Бомбы разрывались в самом центре Москвы — у здания Московского университета на Моховой, прямо рядом с Кремлем. Большой театр пострадал от взрыва. Но фашистские «хенкели», «юнкерсы» не брезговали и кварталами деревянных домишек. Наоборот, рассчитывали, что от этой спички загорится вся Москва. Случалось, дым от пожарищ застилал солнце. Тротуары были густо усеяны цементной крошкой.
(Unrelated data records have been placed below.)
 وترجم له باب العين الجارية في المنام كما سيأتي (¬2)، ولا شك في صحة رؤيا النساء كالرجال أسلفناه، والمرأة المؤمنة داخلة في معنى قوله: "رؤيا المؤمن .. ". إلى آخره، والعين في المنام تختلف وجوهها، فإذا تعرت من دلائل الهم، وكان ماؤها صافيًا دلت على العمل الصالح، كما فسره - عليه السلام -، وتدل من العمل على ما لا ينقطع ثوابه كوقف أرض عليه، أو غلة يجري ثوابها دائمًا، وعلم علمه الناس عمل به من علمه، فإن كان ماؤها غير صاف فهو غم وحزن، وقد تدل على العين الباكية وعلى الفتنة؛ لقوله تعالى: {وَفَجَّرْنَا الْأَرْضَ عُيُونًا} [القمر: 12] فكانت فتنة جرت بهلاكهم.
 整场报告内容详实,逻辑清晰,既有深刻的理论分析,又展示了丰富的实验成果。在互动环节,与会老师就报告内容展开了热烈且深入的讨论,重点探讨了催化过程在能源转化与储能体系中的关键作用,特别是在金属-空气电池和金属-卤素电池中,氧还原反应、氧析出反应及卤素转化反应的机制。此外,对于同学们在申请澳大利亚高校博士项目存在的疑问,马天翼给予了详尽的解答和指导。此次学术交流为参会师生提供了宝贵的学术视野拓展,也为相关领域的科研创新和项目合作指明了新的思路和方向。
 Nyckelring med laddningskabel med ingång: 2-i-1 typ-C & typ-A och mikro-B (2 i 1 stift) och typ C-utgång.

Немецкие орды наступали стремительно. К концу сентября фашисты были уже под Москвой. У военкоматов выстраивались очереди. Мужчины рвались на фронт. С началом войны угнетенный народ будто расправил плечи. Гнев на фашистских захватчиков оказался сильнее страха. Люди были готовы биться до победы, забыв все унижения, отринув робость, которую Сталин посеял в их сердцах. Возродился, казалось, уже забытый русский кураж.
Москвичи дежурили на крышах во время авианалетов, чтобы гасить зажигательные бомбы. На некоторых домах были установлены зенитки. Люди научились отличать звук «хенкеля» от «мессершмитта». Штурмовики пикировали с устрашающим воем, почти задевая крыши, чтобы сеять смерть. Охотились на всех без разбора — на детей, стариков… Бомбардировщики, наоборот, парили высоко в небе. Их мерный, даже умиротворяющий рокот, однако, предупреждал, что вот-вот раздастся губительный свист падающих бомб.
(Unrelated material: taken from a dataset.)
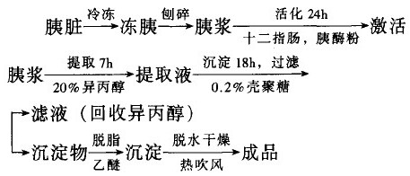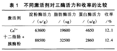 目前,國內外一般采用加入1—1.5倍的25%乙醇,用1:1鹽酸調節pH值5—6,加入Ca2+ 激活劑對胰漿激活。此法較注重蛋白酶的活力的提高,而疏忽了對脂肪酶和淀粉酶的活性保護,尤其對脂肪酶破壞較大。因此,本法采用20% 的異丙醇來代替25% 乙醇,以減少對脂肪酶的破壞并在提取后回收異丙醇減少對環境的破壞;用十二指腸和胰酶粉作為激活劑,在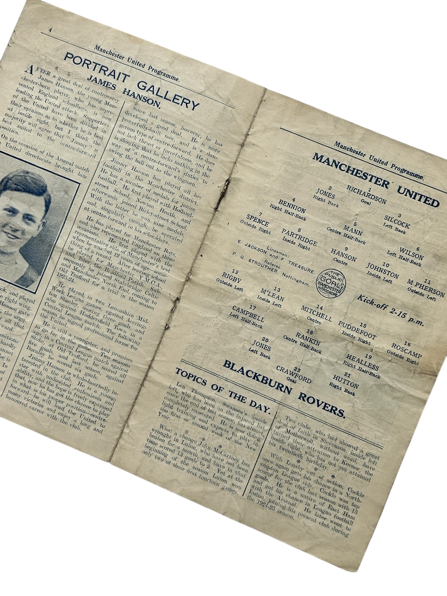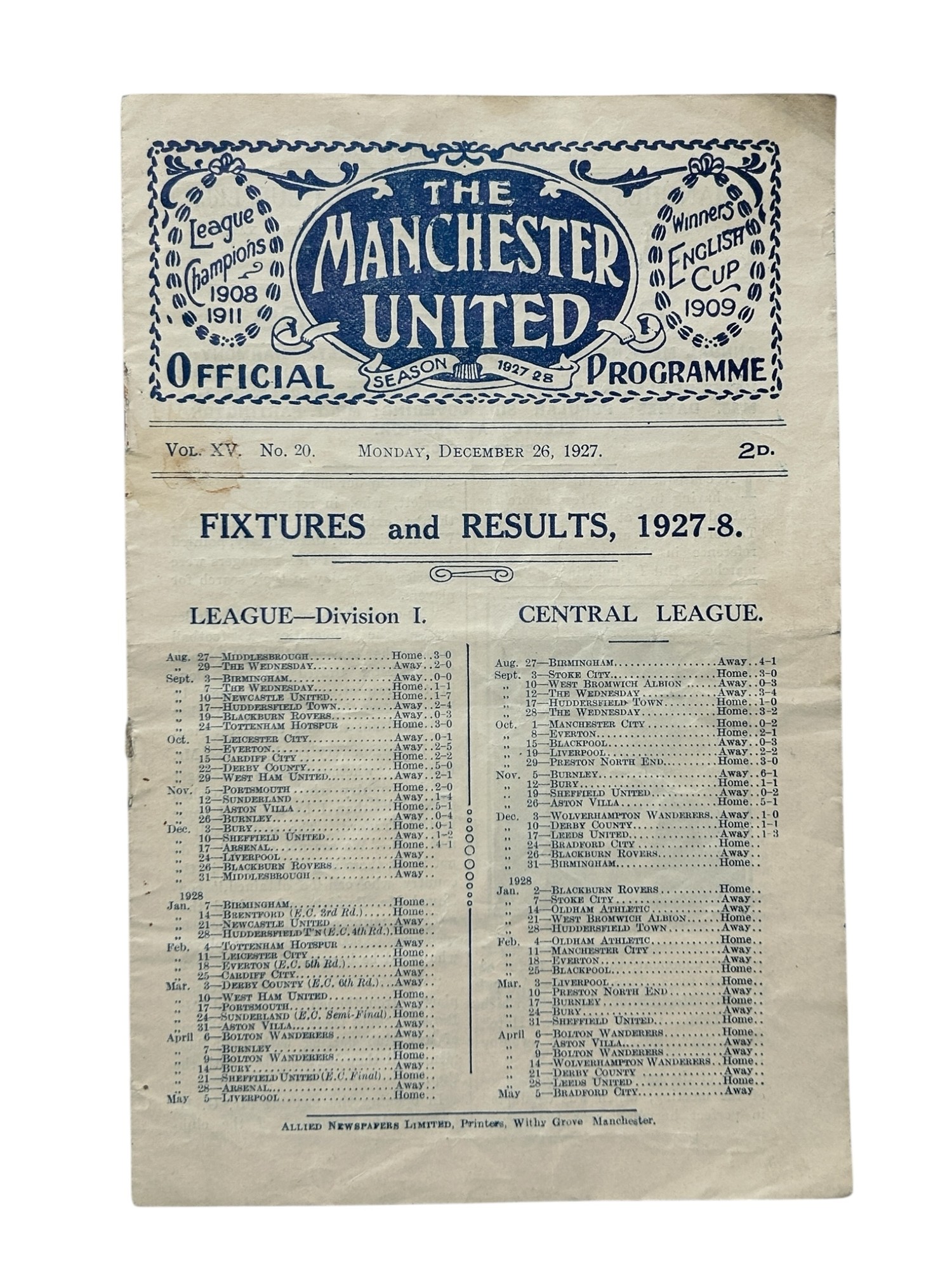 MANCHESTER UNITED VERSUS BLACKBURN ROVERS 1927/28 FOOTBALL PROGRAMME, 26/12/1927. FOLDS NOTED.

Окна заклеивали наперекрест бумажными лентами, чтобы их не разбило взрывной волной. По вечерам и ночам соблюдалась светомаскировка. Далеко не все москвичи переносили бомбоубежища. Там была страшная духота, отголоски взрывов терзали душу. Так что многие предпочитали во время воздушной тревоги дежурить на крышах, хотя бы просто грозя кулаком вражеским самолетам.
Лихо отбросив к столице обескураженного противника, немцы стали действовать со своим обычным педантизмом. Бомбардировки упорядочились: теперь они каждую ночь бомбили Москву в одно и то же время. Москвичи успевали подготовиться к налету загодя. Еще до того, как зазвучит сирена, матери с детьми уже направлялись к станциям метро, ставшим убежищами. Некоторые тащили чемоданы, узлы, детские игрушки. Если налет затягивался, люди там и спали прямо на полу на каких-нибудь подстилках. Разрывы бомб сюда почти не доносились. Приходилось терпеливо ждать, когда после сурового сообщения: «Граждане, воздушная тревога» в громкоговорителе наконец прозвучит спасительное: «Граждане, угроза воздушного нападения миновала».
Тогда можно было подняться наверх. После авианалета Москва казалась будто оцепеневшей от ужаса. Горели дома. Люди тревожно вглядывались в темноту, пытаясь понять, цел ли их собственный. Уже летом москвичек отправили копать противотанковые рвы. Собственно, предполагался один длиннющий ров на многие километры. Вручную, лопатами, женщины перекидали тысячи тонн земли. На работу сгоняли всех, от студенток до старух с мозолистыми руками. Там были и солдатские вдовы, и жены — некоторые из них проводили мужей на фронт наутро после первой брачной ночи.
Над городом висели аэростаты противовоздушной обороны. На некоторых улицах возводились баррикады. Из городского транспорта ходили одни трамваи. Почти исчезли легковые машины, только грузовики, перевозившие противотанковые ежи, ползли к западным окраинам столицы. Мавзолей и Большой театр были укрыты гигантскими брезентовыми чехлами, чтобы не стать мишенью для вражеских бомб.
Каждую ночь лучи прожекторов обшаривали небо, дотягиваясь до подбрюший аэростатов, украшенных огромными красными звездами. Лишь только в луч попадал самолет, начинался сущий ад. Не переставая били зенитки, трассирующие пули испещряли тьму яркими полосами. Все напоминало картину какого-то обезумевшего сюрреалиста. Ночь курилась дымками. Когда зенитчики попадали в цель, раздавался характерный звук, самолет тут же вспыхивал и устремлялся к земле, оставляя дымный след. Иногда сразу после этого в небе распускались зонтики парашютов. А на крышах люди вопили от восторга.